Streamlining can be achieved by programmatic and tiered permitting, and by combining licences and permits for generation, distribution and electricity supply. Programmatic permitting refers to standardised permitting processes for projects that have similar technical characteristics, e.g. technology, size, and geographical location.
Tiered permitting refers to different permitting requirements for different sizes of project. For example, governments may exempt renewable energy projects smaller than 100 kW from the normal licensing processes and just require them to complete a simplified registration procedure. This approach might accelerate the development of smaller projects.
Consideration needs to be given to the length of the licences and the issue of licence transfers. Given the uncertainty around mini-grid business models, it is important that the licences (or concessions) are long enough that investors have a reasonable chance of getting a return on their investments. Investors are likely to be deterred if they cannot transfer a licence to a potential buyer. Potential lenders may also want to have the right to step in when a project underperforms and transfer its licence to a new operator.
In addition to licences, other permitting documents that may be required include certificates of incorporation, land lease or ownership documents, construction permits, environmental and social impact assessments, health and safety certificates, water use rights (for hydro projects) and rights of way.
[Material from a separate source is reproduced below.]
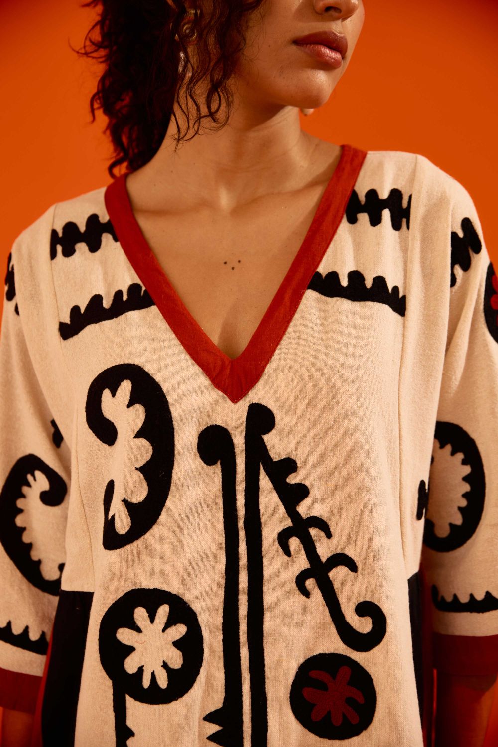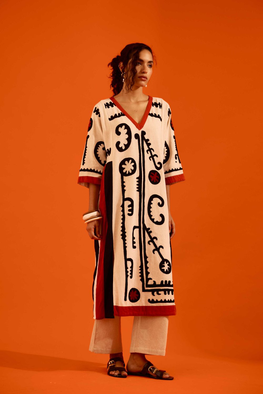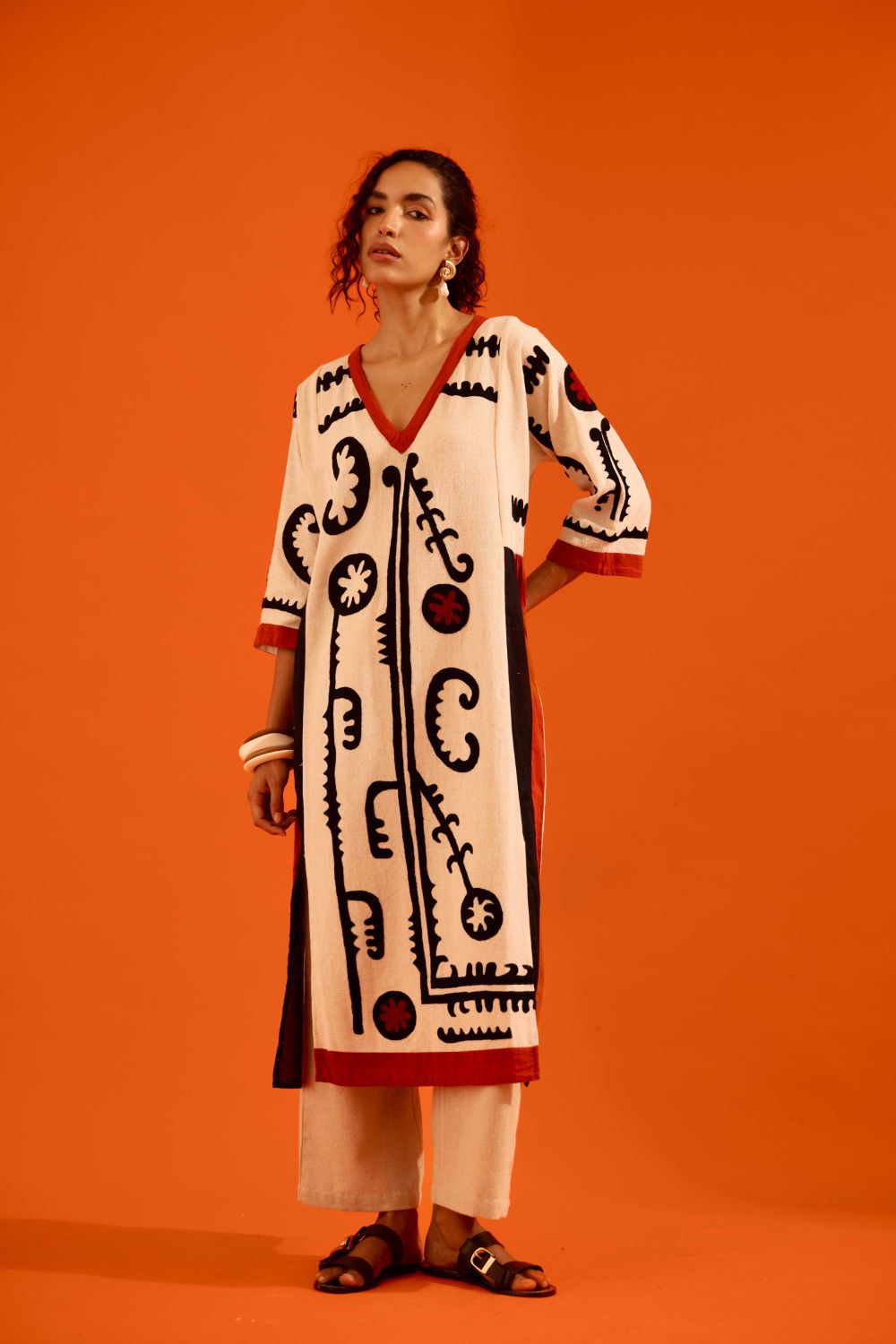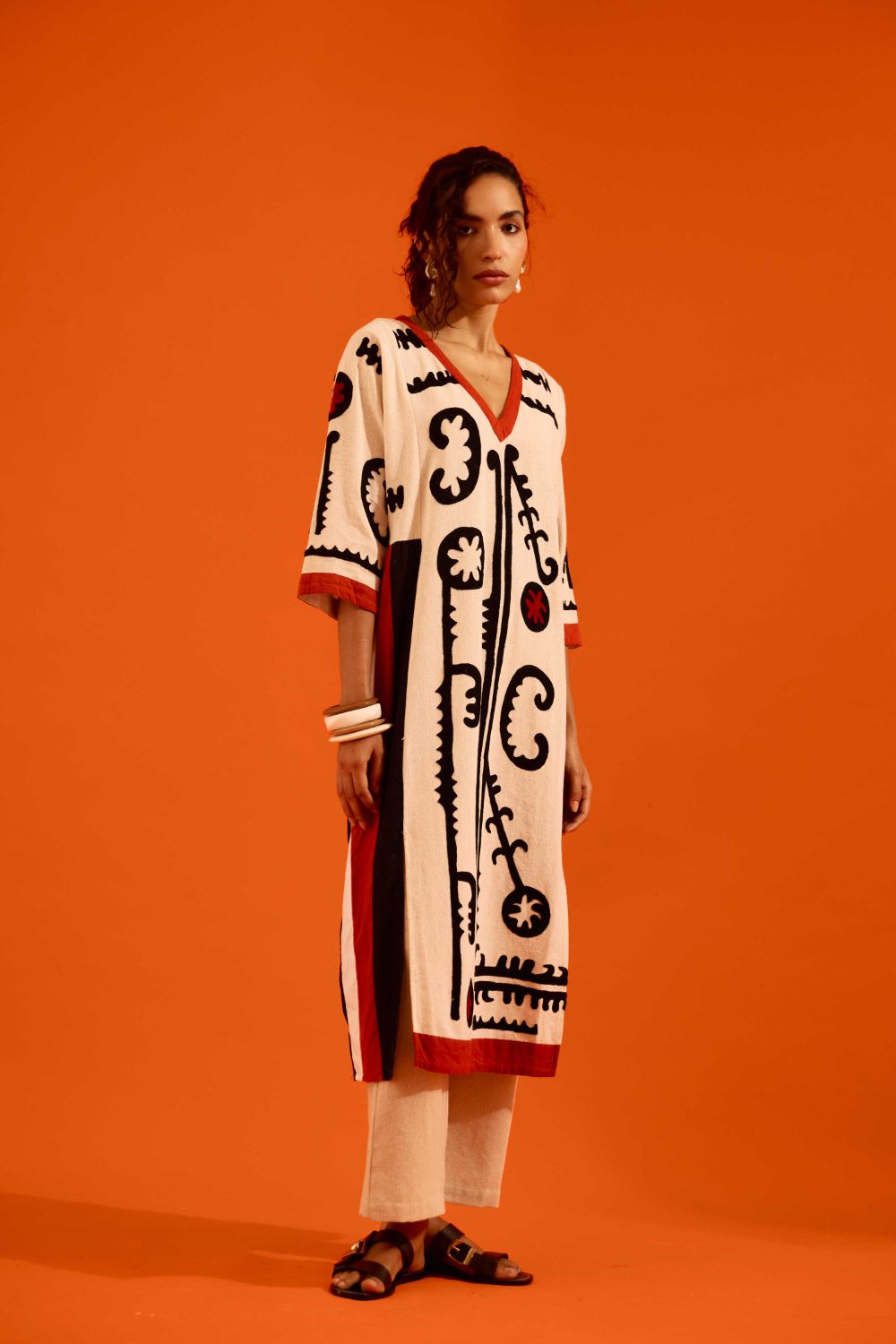 Natural Jute Thread Embroidered Tunic Set with Multi Color Maasai Motif

Titles to land are often unclear, and getting way leaves can take time.
Arrival of main grid
The potential encroachment of the national grid into areas served by mini-grids is one of the main risks for mini-grid investors. Mini-grid permits and licences should provide adequate legal protection for private investors and have appropriate financial compensation mechanisms for mini-grid owners. They should compensate owners for the cost of privately financed assets and any lost revenues, allowing them to make a fair return on their investment.
Governments should also provide guidance on how the mini-grids might eventually be integrated into the national grid. There are a number of commercial models that would facilitate this integration:
Distributor model – The mini-grid buys wholesale electricity from the national grid and supplies retail electricity to local customers;
Generator model – The mini-grid sells electricity to the national grid or another off-taker, but stops selling to local customers. It sells the distribution assets to the national grid or another public entity;
Distributor/generator model – The mini-grid converts from an isolated mini-grid to an operator of a distribution network integrated with the national grid. It buys wholesale electricity from the national grid and supplies retail electricity to local customers. It maintains the existing generator and may add a few new ones, and provides backup for the main grid and retail customers;
Buyout model – The developer sells either the whole mini-grid (both distribution and generation) or just the distribution, transferring the generation equipment to another site.
Some African governments have chosen to award concession contracts to private entities, granting them the exclusive right to implement and operate mini-grids for a specified period of time in a specified geographic service area. This kind of contract usually obliges the private entity to invest a certain amount of private funds and/or connect a certain number of people within a fixed time period. Concessions are usually awarded through a competitive bidding process to deliver the lowest overall cost for the highest number of connections.
Power purchase agreements
Power purchase agreements are long-term off-take agreements that outline the legal rights and obligations of the seller and buyer of electricity, including tariffs and offtake arrangements. They are needed when independent power producers, including mini-grids, sell in bulk to the national grid or another distribution grid operator or large industrial anchor client. They are relevant for those mini-grids that are connected to the national grid and plan to sell (excess) electricity to the grid or buy electricity from the grid.
Mini-Grid Policy Toolkit: Policy and Business Frameworks for Successful Mini-Grid Roll-outs (2014)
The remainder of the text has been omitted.